Hexo (<http://zespia.tw/hexo/>) is nice too if you're more of a node.js guy
and want to hack your way in/out.

------
nayefc
Gave Jekyll-Bootstrap a shot. It's very hard to customize the theme. Last
night, I switched to Middleman. If you know Ruby and want to customize your
theme, I highly recommend it.

Still haven't deployed yet but would probably go with Heroku or S3.

------
brent_noorda
I've tried a bunch of zero-budget options. The weirdest (and the one where
I've put most of my static stuff) is just to drop files into my
dropbox/Public. The resulting URL is real weird, but it's free and I have
complete control of the files.

------
jonascopenhagen
Shared hosting account with a home-made simple PHP blog system that writes
static files to disk. Even though I use shared hosting my site easily survived
several hours as #1 on the HN front page, simply because I use static files.

------
adlpz
Two sites, one a simple CV/Bio thingie written in Python running on Google's
App Engine. The other a blog written in Node + Express on a shitty $5/month
VPS. On Apache for statics, btw.

------
buttscicles
Nginx in front of Gunicorn + Flask fetching data from Postgres, which is
populated by an hourly cronjob. It's on a small ovh dedicated server, along
with other things.

------
Benferhat
I'd just host it on Google AppEngine for free and forget about it.
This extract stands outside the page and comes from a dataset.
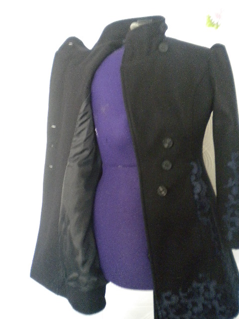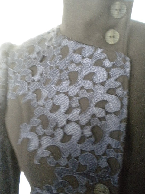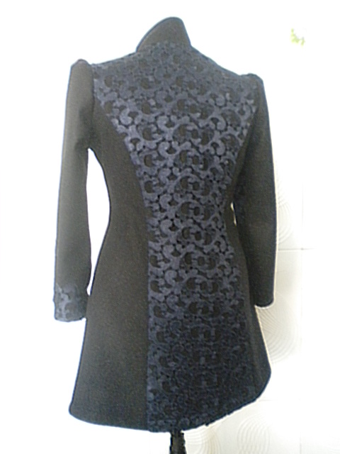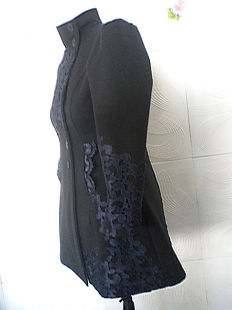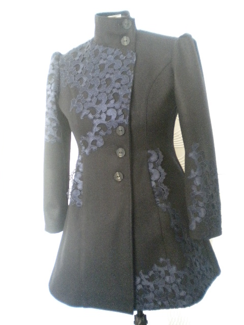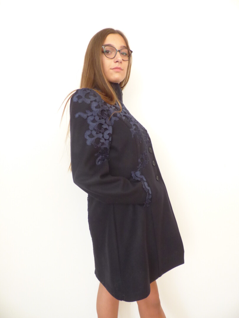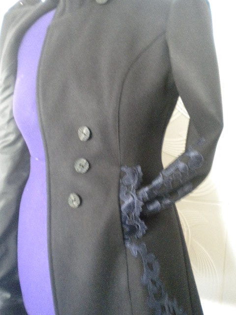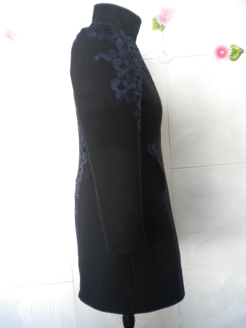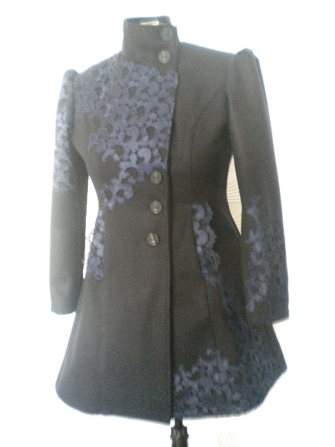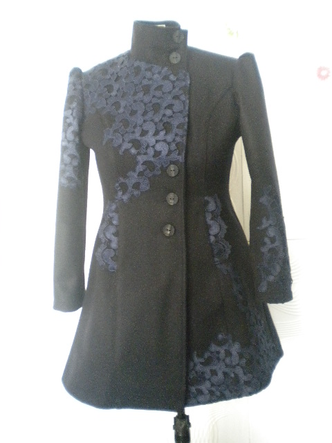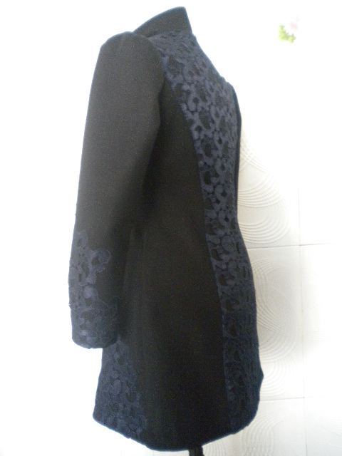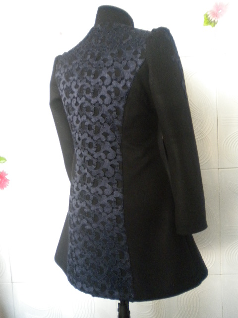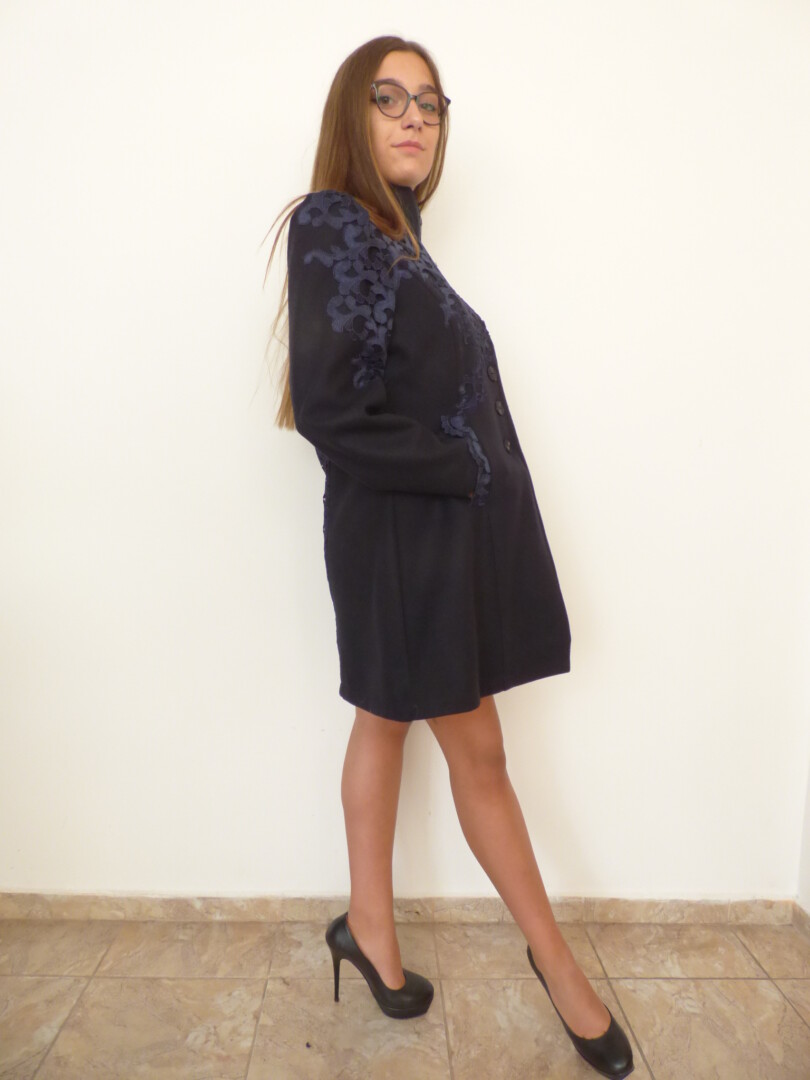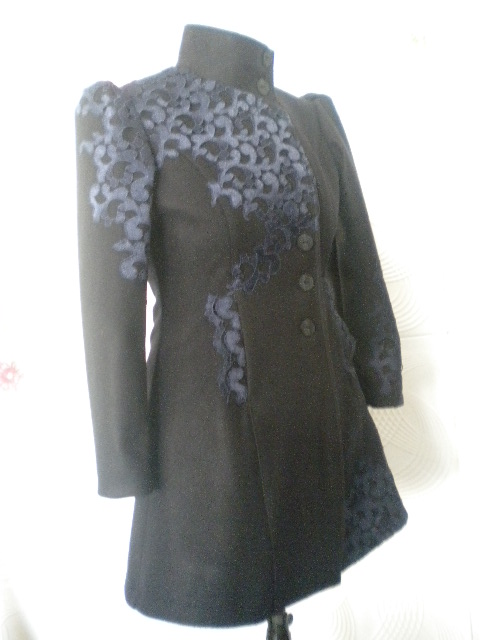Елегантно дамско палто с дантела ,изработено от вълнен текстил, дантела и хастар.

You won't
see enough traffic to go over the free quota.

------
kristianp
Sounds like something I've used WordPress for in the past, hosted on a VPS
that already had a rails app running on it.

------
whostolemyhat
I'm using Django on Webfaction, and built a basic blog system in it to learn
how to use Django.

------
pkhamre
Octopress to compile a static set of pages served by nginx.

------
Madre
Nikola and i just upload the posts to webfaction.

------
NeutronBoy
Jekyll + S3.

Easy.

------
fla
vps + debian + nginx + node.js + mongodb

------
tferris
Node + Express

------
mattbillenstein
I'd do it in assembler.